[Work order]: Set down the data below in full and exactly, minus the pictures.

[Data shown]:
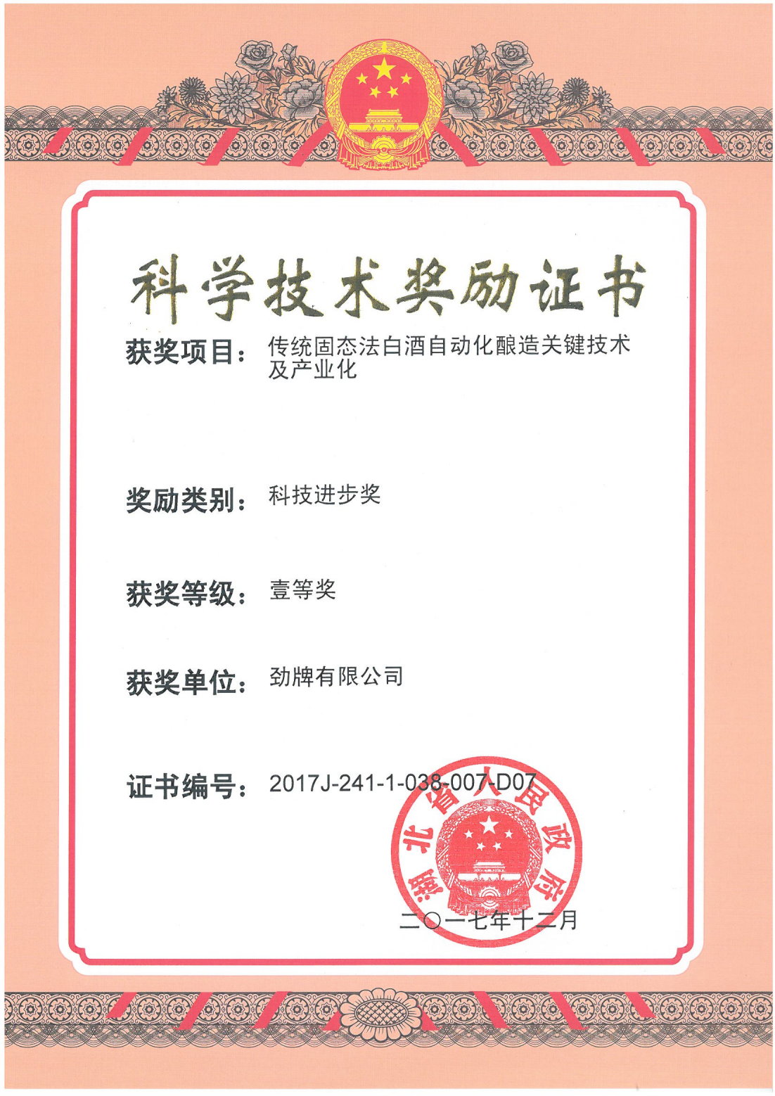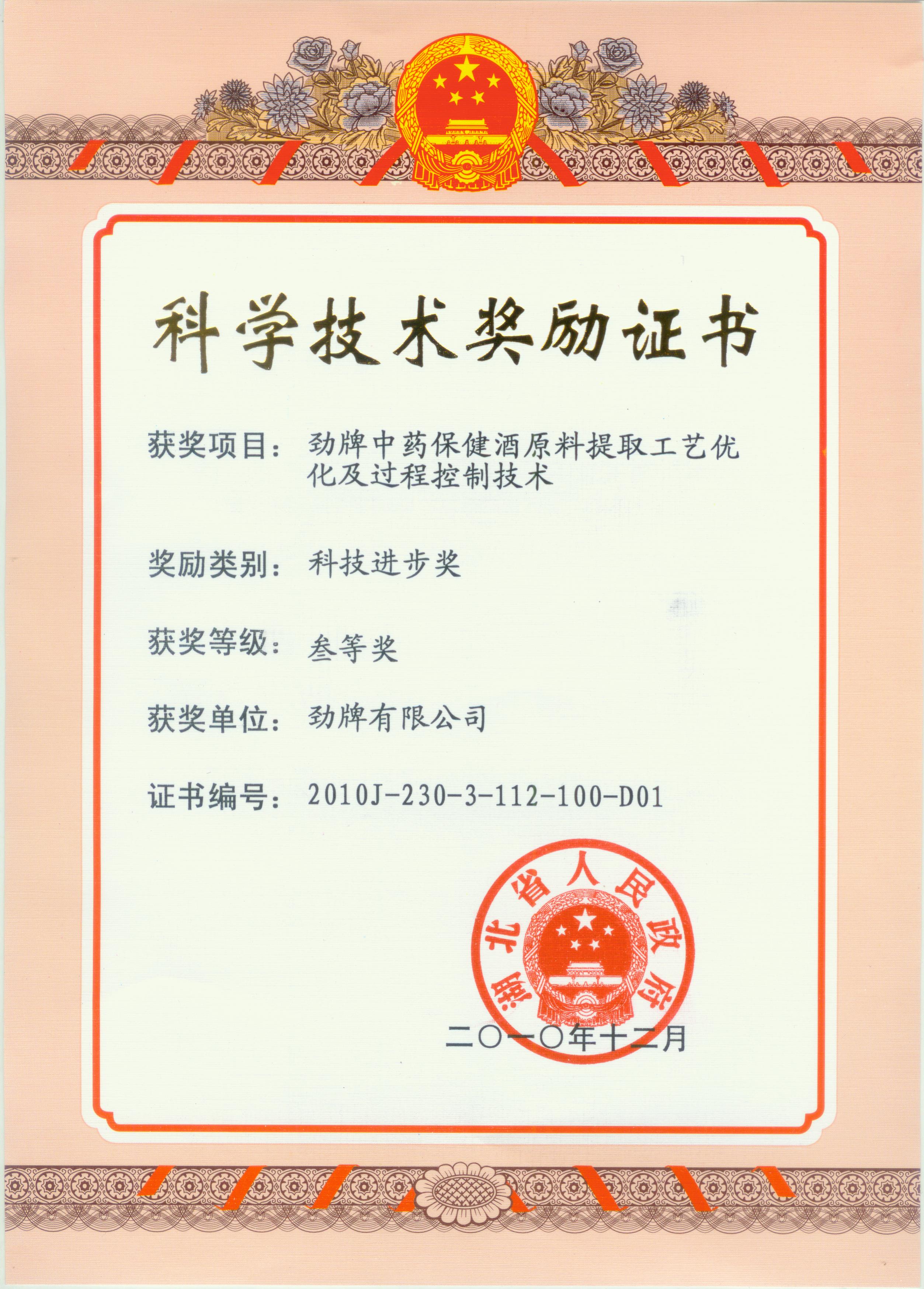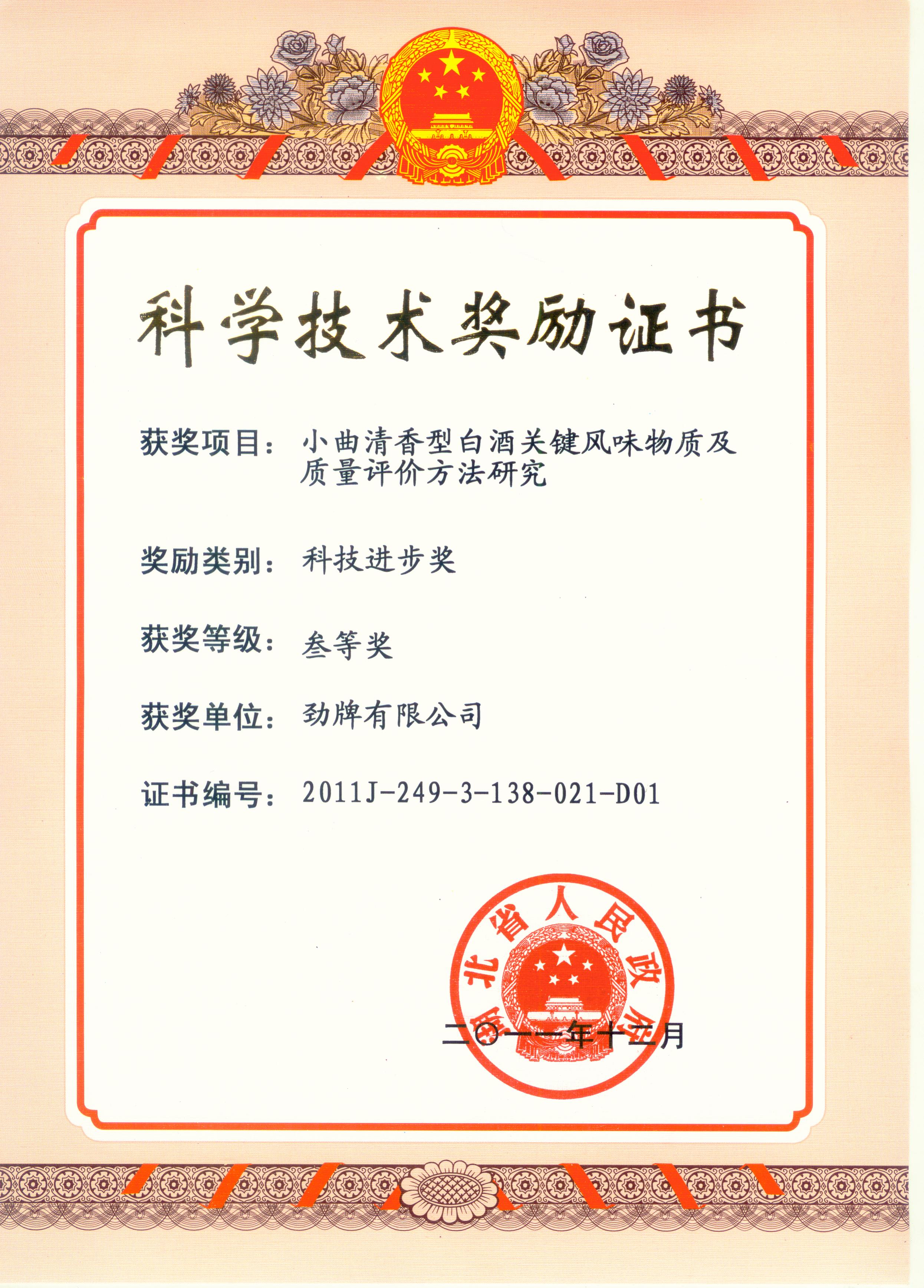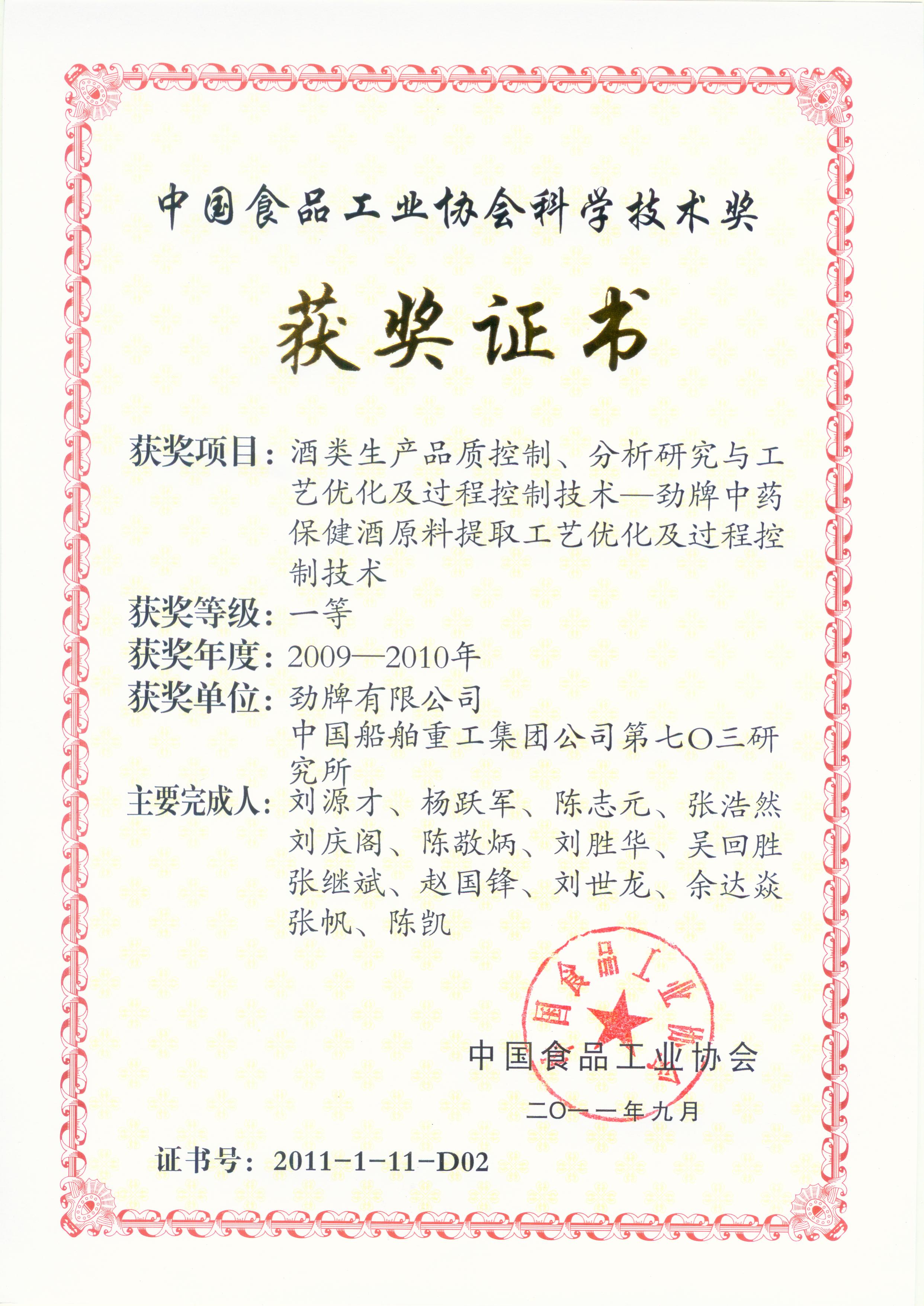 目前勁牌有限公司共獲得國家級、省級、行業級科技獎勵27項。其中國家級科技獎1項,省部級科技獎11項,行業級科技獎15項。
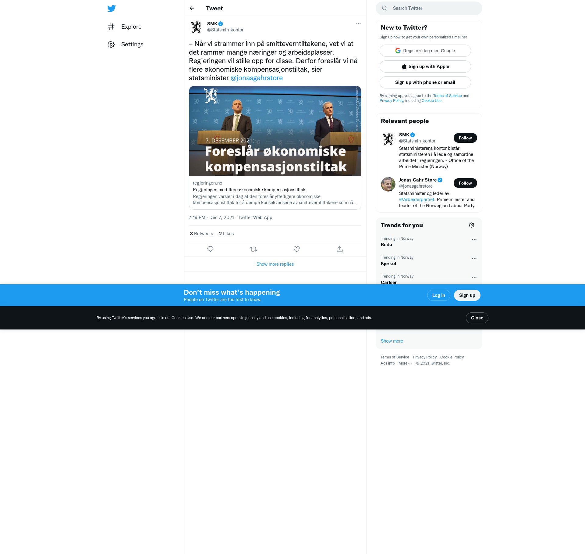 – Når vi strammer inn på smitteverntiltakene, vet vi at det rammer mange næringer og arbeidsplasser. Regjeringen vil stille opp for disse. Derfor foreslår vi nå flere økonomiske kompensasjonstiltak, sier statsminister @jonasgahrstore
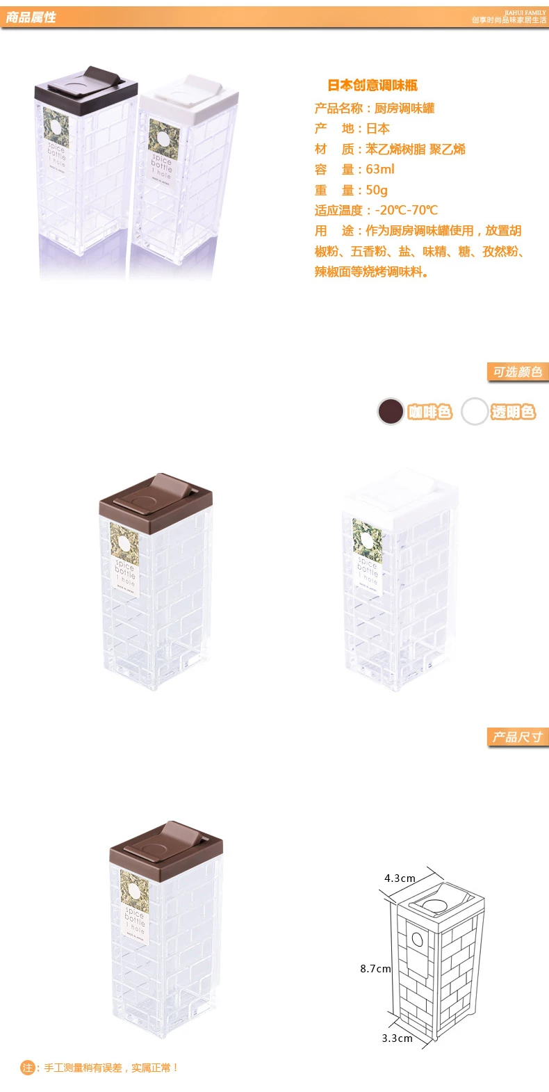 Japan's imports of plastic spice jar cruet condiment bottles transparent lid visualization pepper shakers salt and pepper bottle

[Task result]:
 目前勁牌有限公司共獲得國家級、省級、行業級科技獎勵27項。其中國家級科技獎1項,省部級科技獎11項,行業級科技獎15項。
 – Når vi strammer inn på smitteverntiltakene, vet vi at det rammer mange næringer og arbeidsplasser. Regjeringen vil stille opp for disse. Derfor foreslår vi nå flere økonomiske kompensasjonstiltak, sier statsminister @jonasgahrstore
 Japan's imports of plastic spice jar cruet condiment bottles transparent lid visualization pepper shakers salt and pepper bottle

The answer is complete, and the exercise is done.